The fcntl module provides a fctnl object which has an ioctl method. You can use the fcntl object to make fcntl calls to interact with files but in this case it is the ioctl method that we need to use.
fcntl.ioctl(fd, request, arg=0, mutate_flag=True)
You can see that this is similar to the Linux ioctl call. The first parameter can be a file descriptor or it can be an object that provides a file descriptor, for example a Python file object. The request parameter is a 32-bit integer set to the request code. The arg parameter is the most complex and the one that you will usually struggle to get right the first time you use ioctl for any particular task. It can be a simple integer, but in most cases it is an object that can supply a buffer of bytes – a bytes object or a bytearray. This is Python’s stand-in for a C struct and when the call is made the bytes are copied into a temporary C struct and the result of the call is, by default, copied back to the Python object if this is possible, i.e. the object is writable. The final parameter mutate_flag can be set to false to stop the copying of the result back to the Python object.
In this chapter we are going to use the struct module to create a bytearray, but another way to do the same job, the ctypes module, is described in Chapters 13 and 15. While this is arguably easier to use, it is not quite as efficient so you should know how to use both.
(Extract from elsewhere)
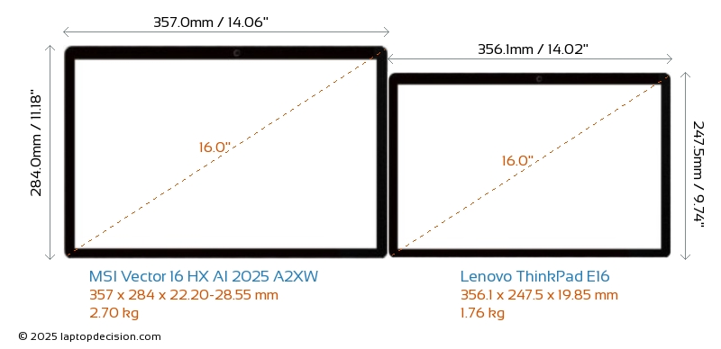 ThunderboltBoth Vector 16 HX AI 2025 A2XW and ThinkPad E16 feature Thunderbolt ports. Vector 16 HX AI 2025 A2XW has Thunderbolt 5, while ThinkPad E16 has Thunderbolt 4.
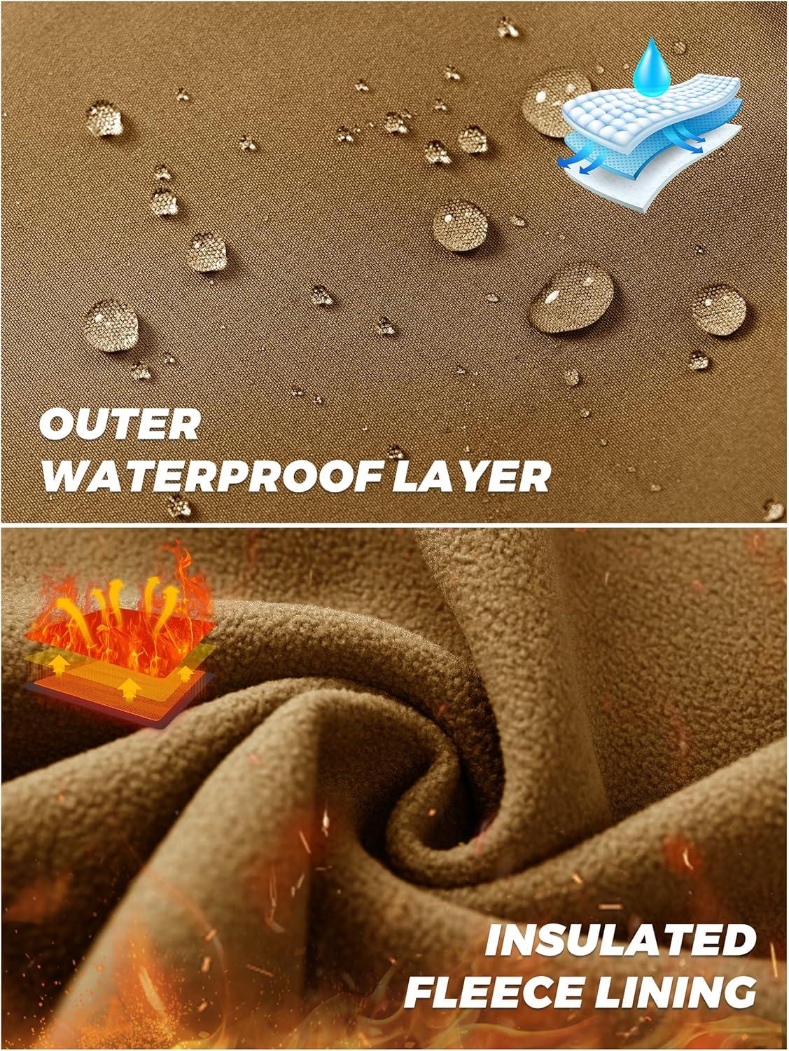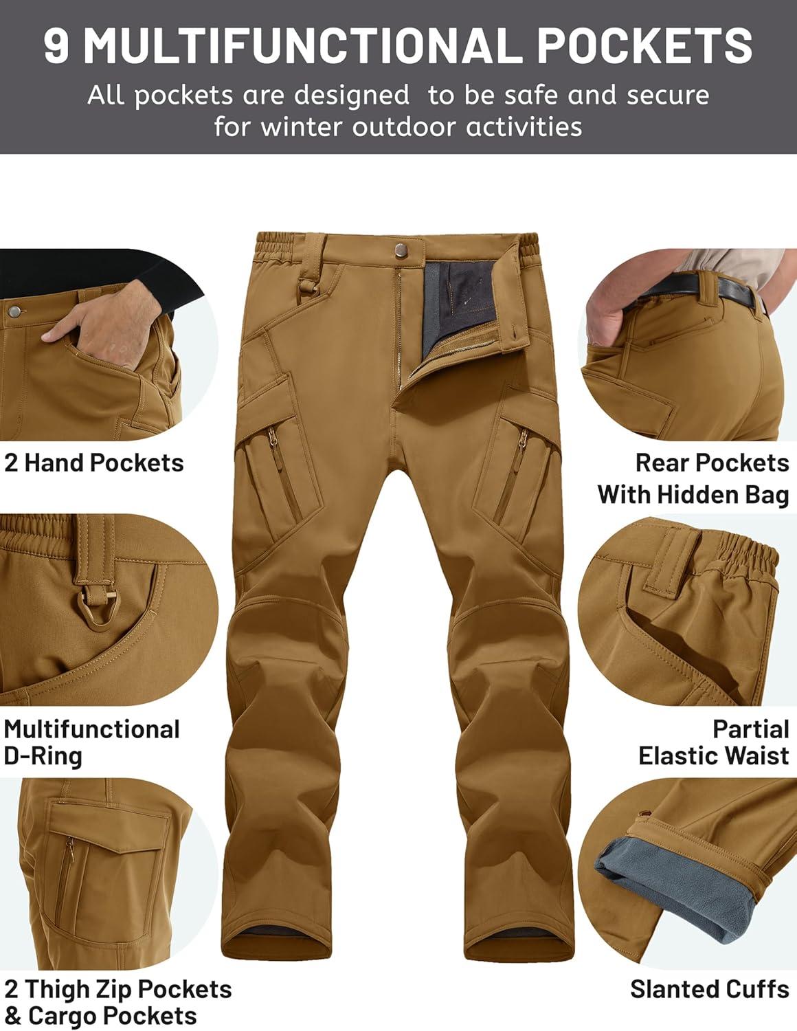 TACVASEN Men’s Winter Work Pants Fleece Lined Tactical Snow Ski Pant Waterproof Insulated Cargo Hiking Trousers 9 Pocket(Sand)

As already mentioned, the biggest problem with using the ioctl call is in working out how the C struct can be represented in Python. This is often easier than it initially looks because of the struct module which provides a way of converting a C struct definition into an equivalent Python object. The basic idea is that a struct is just a sequence of bytes that have been initialized correctly to hold the type of data they are supposed to hold. For example, consider this in C:
struct gpiochip_info {
char name[32];
char label[32];
__u32 lines;
};
Even if you don’t know C, you can probably work out that the struct consists of a name of 32 characters, i.e. 32 bytes, a label of 32 characters, i.e. another 32 bytes and an unsigned 32-bit integer, i.e. 4 bytes. This struct is equivalent to a buffer of 32+32+4, i.e. 68 bytes. The only problem is that when you pass it to the ioctl call the first 32 bytes have to contain bytes that represent a C string, followed by another 32 bytes of string data and finally 4 bytes which represent an unsigned integer value.